_INPUT DATA_:

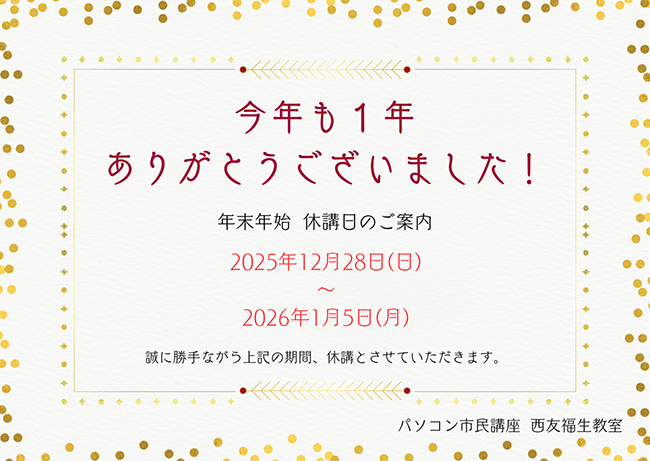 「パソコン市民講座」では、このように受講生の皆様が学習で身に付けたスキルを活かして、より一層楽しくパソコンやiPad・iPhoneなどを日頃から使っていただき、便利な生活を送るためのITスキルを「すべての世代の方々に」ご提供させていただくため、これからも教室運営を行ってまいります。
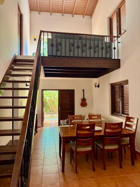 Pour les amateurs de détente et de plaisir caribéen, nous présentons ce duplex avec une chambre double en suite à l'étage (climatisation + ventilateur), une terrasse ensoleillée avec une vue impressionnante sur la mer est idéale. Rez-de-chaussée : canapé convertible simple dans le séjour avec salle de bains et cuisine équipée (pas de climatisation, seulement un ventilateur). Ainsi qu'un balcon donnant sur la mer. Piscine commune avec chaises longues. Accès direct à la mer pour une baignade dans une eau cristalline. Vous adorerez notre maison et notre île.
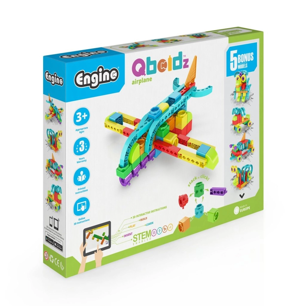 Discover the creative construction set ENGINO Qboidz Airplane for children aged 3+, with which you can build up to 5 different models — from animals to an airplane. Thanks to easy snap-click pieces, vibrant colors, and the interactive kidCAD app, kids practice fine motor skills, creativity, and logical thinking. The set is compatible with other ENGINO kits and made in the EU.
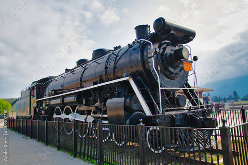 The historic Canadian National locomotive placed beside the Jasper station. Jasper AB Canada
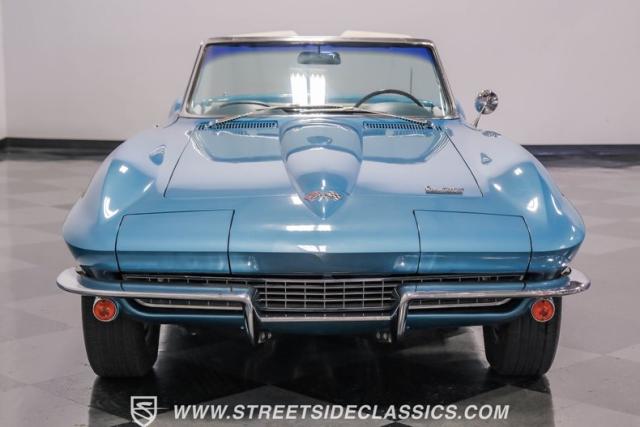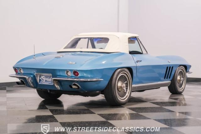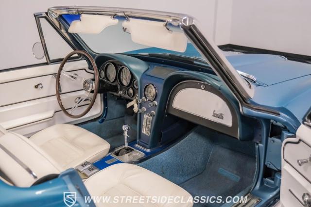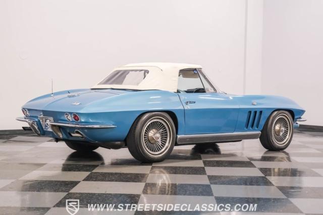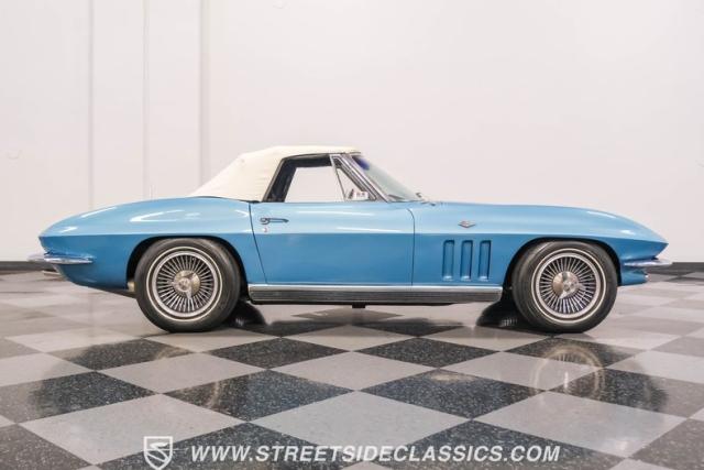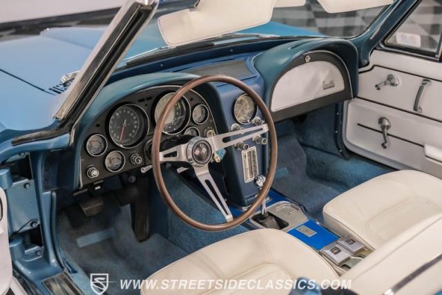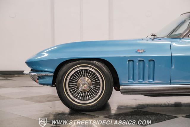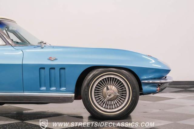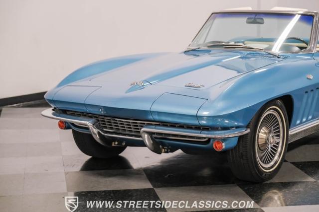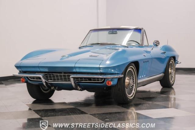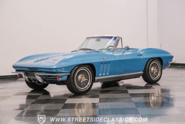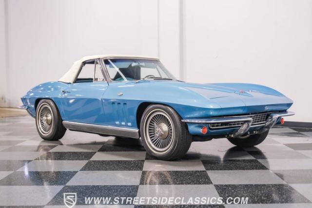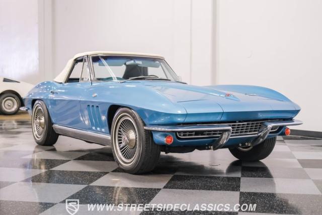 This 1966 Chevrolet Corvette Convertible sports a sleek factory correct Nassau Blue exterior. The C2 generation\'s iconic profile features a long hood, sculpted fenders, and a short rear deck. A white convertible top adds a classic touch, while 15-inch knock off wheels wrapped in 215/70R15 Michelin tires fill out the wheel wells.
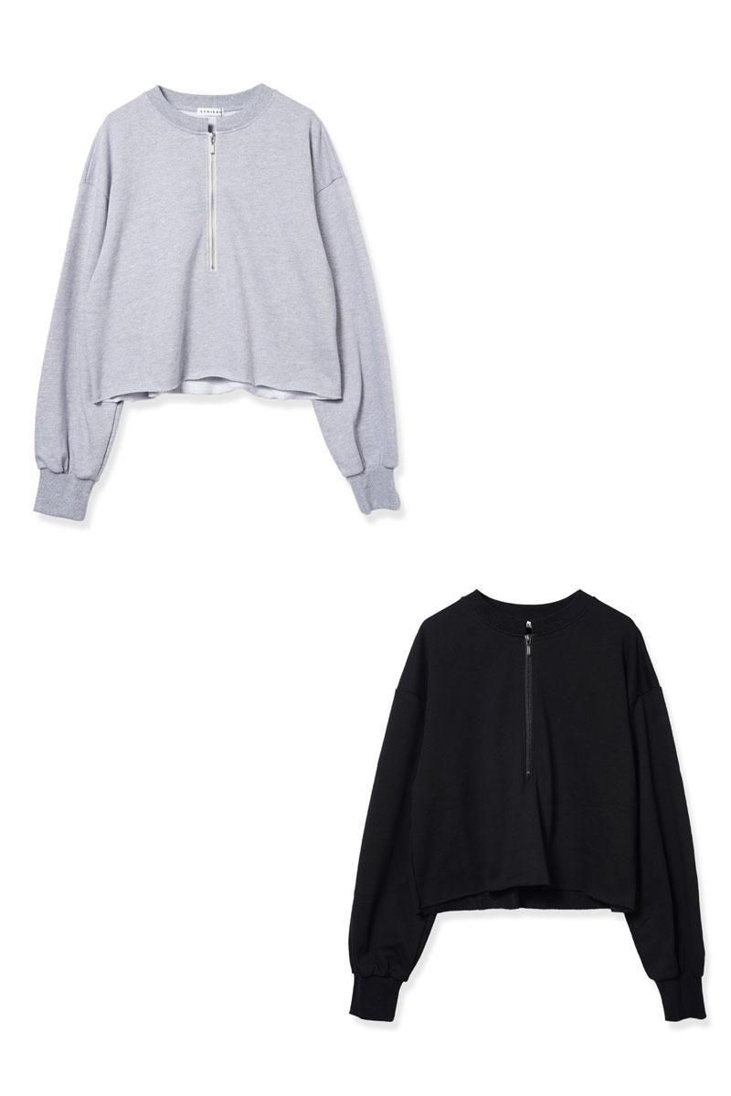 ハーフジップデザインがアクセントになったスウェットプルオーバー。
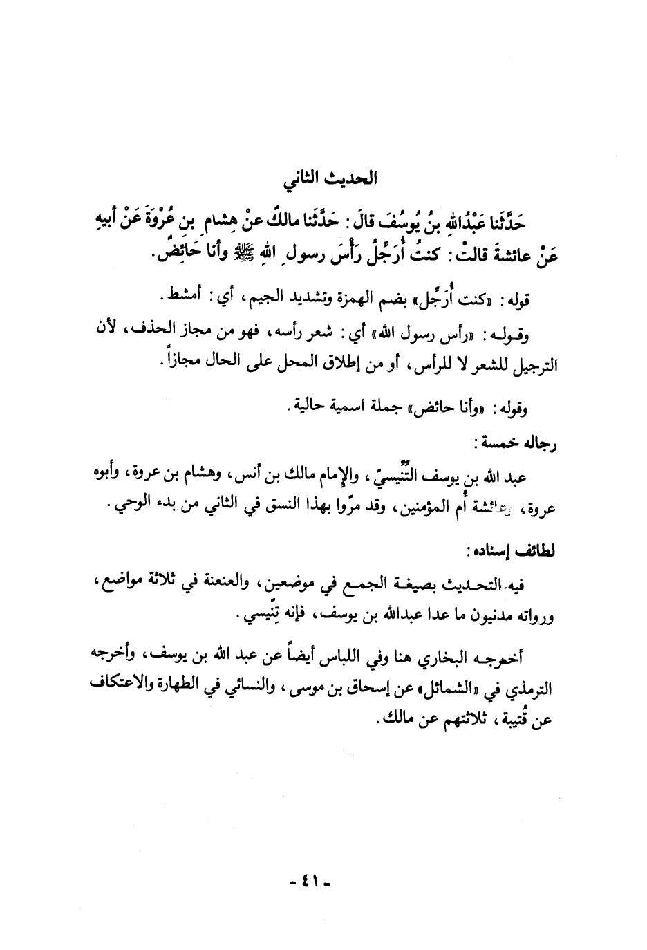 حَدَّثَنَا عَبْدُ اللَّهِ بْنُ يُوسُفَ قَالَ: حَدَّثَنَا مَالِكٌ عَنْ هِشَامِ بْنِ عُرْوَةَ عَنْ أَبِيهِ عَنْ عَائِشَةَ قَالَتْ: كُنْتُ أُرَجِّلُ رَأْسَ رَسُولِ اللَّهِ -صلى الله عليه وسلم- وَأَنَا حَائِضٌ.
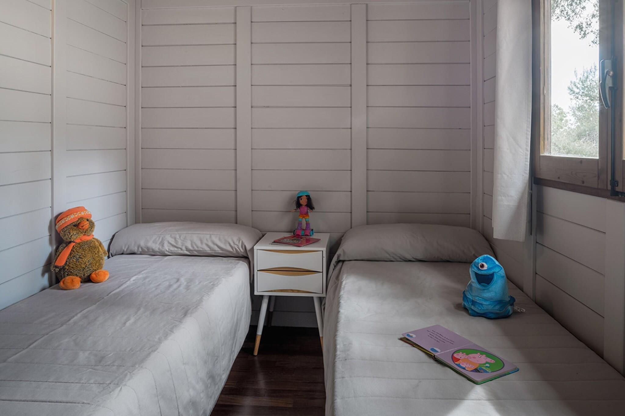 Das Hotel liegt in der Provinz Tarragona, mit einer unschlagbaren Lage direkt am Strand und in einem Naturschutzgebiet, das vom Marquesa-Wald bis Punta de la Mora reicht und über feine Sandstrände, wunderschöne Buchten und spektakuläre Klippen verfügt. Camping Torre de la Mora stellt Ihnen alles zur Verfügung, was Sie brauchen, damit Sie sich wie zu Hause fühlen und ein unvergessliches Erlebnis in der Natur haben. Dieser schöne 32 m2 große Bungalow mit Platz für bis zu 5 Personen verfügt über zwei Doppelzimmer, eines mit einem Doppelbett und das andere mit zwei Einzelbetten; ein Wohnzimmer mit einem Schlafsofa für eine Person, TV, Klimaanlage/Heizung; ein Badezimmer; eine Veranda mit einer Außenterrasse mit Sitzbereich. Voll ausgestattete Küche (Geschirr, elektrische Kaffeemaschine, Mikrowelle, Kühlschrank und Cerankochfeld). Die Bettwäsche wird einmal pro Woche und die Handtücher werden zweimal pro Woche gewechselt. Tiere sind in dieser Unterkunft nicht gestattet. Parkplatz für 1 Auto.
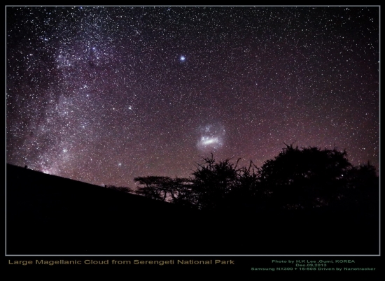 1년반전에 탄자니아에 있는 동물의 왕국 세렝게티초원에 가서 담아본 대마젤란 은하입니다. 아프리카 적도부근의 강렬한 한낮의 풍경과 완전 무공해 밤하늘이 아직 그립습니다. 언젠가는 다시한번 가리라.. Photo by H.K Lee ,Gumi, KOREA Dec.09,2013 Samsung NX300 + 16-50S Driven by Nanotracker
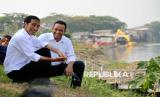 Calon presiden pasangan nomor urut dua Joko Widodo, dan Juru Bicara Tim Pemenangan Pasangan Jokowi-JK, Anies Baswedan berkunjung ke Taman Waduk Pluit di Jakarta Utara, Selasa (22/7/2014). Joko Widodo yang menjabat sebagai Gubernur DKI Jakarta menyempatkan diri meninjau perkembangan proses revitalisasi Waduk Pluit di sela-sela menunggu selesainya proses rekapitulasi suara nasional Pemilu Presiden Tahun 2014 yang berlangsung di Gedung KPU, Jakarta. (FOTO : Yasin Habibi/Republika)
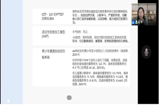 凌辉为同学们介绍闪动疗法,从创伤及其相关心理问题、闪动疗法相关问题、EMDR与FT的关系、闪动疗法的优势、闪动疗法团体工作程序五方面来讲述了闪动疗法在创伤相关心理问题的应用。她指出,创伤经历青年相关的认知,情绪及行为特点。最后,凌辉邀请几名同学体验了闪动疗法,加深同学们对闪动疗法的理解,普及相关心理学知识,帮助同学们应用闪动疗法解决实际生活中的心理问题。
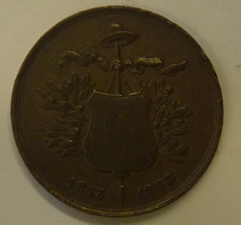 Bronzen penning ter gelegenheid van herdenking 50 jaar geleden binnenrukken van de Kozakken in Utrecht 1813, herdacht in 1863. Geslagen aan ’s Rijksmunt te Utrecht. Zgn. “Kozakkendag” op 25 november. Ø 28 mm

_WHAT YOU HAVE TO DO_: All of the material must be repeated exactly in the answer, apart from the pictures.

_SOLVED PROBLEM_:
 「パソコン市民講座」では、このように受講生の皆様が学習で身に付けたスキルを活かして、より一層楽しくパソコンやiPad・iPhoneなどを日頃から使っていただき、便利な生活を送るためのITスキルを「すべての世代の方々に」ご提供させていただくため、これからも教室運営を行ってまいります。
 Pour les amateurs de détente et de plaisir caribéen, nous présentons ce duplex avec une chambre double en suite à l'étage (climatisation + ventilateur), une terrasse ensoleillée avec une vue impressionnante sur la mer est idéale. Rez-de-chaussée : canapé convertible simple dans le séjour avec salle de bains et cuisine équipée (pas de climatisation, seulement un ventilateur). Ainsi qu'un balcon donnant sur la mer. Piscine commune avec chaises longues. Accès direct à la mer pour une baignade dans une eau cristalline. Vous adorerez notre maison et notre île.
 Discover the creative construction set ENGINO Qboidz Airplane for children aged 3+, with which you can build up to 5 different models — from animals to an airplane. Thanks to easy snap-click pieces, vibrant colors, and the interactive kidCAD app, kids practice fine motor skills, creativity, and logical thinking. The set is compatible with other ENGINO kits and made in the EU.
 The historic Canadian National locomotive placed beside the Jasper station. Jasper AB Canada
 This 1966 Chevrolet Corvette Convertible sports a sleek factory correct Nassau Blue exterior. The C2 generation\'s iconic profile features a long hood, sculpted fenders, and a short rear deck. A white convertible top adds a classic touch, while 15-inch knock off wheels wrapped in 215/70R15 Michelin tires fill out the wheel wells.
 ハーフジップデザインがアクセントになったスウェットプルオーバー。
 حَدَّثَنَا عَبْدُ اللَّهِ بْنُ يُوسُفَ قَالَ: حَدَّثَنَا مَالِكٌ عَنْ هِشَامِ بْنِ عُرْوَةَ عَنْ أَبِيهِ عَنْ عَائِشَةَ قَالَتْ: كُنْتُ أُرَجِّلُ رَأْسَ رَسُولِ اللَّهِ -صلى الله عليه وسلم- وَأَنَا حَائِضٌ.
 Das Hotel liegt in der Provinz Tarragona, mit einer unschlagbaren Lage direkt am Strand und in einem Naturschutzgebiet, das vom Marquesa-Wald bis Punta de la Mora reicht und über feine Sandstrände, wunderschöne Buchten und spektakuläre Klippen verfügt. Camping Torre de la Mora stellt Ihnen alles zur Verfügung, was Sie brauchen, damit Sie sich wie zu Hause fühlen und ein unvergessliches Erlebnis in der Natur haben. Dieser schöne 32 m2 große Bungalow mit Platz für bis zu 5 Personen verfügt über zwei Doppelzimmer, eines mit einem Doppelbett und das andere mit zwei Einzelbetten; ein Wohnzimmer mit einem Schlafsofa für eine Person, TV, Klimaanlage/Heizung; ein Badezimmer; eine Veranda mit einer Außenterrasse mit Sitzbereich. Voll ausgestattete Küche (Geschirr, elektrische Kaffeemaschine, Mikrowelle, Kühlschrank und Cerankochfeld). Die Bettwäsche wird einmal pro Woche und die Handtücher werden zweimal pro Woche gewechselt. Tiere sind in dieser Unterkunft nicht gestattet. Parkplatz für 1 Auto.
 1년반전에 탄자니아에 있는 동물의 왕국 세렝게티초원에 가서 담아본 대마젤란 은하입니다. 아프리카 적도부근의 강렬한 한낮의 풍경과 완전 무공해 밤하늘이 아직 그립습니다. 언젠가는 다시한번 가리라.. Photo by H.K Lee ,Gumi, KOREA Dec.09,2013 Samsung NX300 + 16-50S Driven by Nanotracker
 Calon presiden pasangan nomor urut dua Joko Widodo, dan Juru Bicara Tim Pemenangan Pasangan Jokowi-JK, Anies Baswedan berkunjung ke Taman Waduk Pluit di Jakarta Utara, Selasa (22/7/2014). Joko Widodo yang menjabat sebagai Gubernur DKI Jakarta menyempatkan diri meninjau perkembangan proses revitalisasi Waduk Pluit di sela-sela menunggu selesainya proses rekapitulasi suara nasional Pemilu Presiden Tahun 2014 yang berlangsung di Gedung KPU, Jakarta. (FOTO : Yasin Habibi/Republika)
 凌辉为同学们介绍闪动疗法,从创伤及其相关心理问题、闪动疗法相关问题、EMDR与FT的关系、闪动疗法的优势、闪动疗法团体工作程序五方面来讲述了闪动疗法在创伤相关心理问题的应用。她指出,创伤经历青年相关的认知,情绪及行为特点。最后,凌辉邀请几名同学体验了闪动疗法,加深同学们对闪动疗法的理解,普及相关心理学知识,帮助同学们应用闪动疗法解决实际生活中的心理问题。
 Bronzen penning ter gelegenheid van herdenking 50 jaar geleden binnenrukken van de Kozakken in Utrecht 1813, herdacht in 1863. Geslagen aan ’s Rijksmunt te Utrecht. Zgn. “Kozakkendag” op 25 november. Ø 28 mm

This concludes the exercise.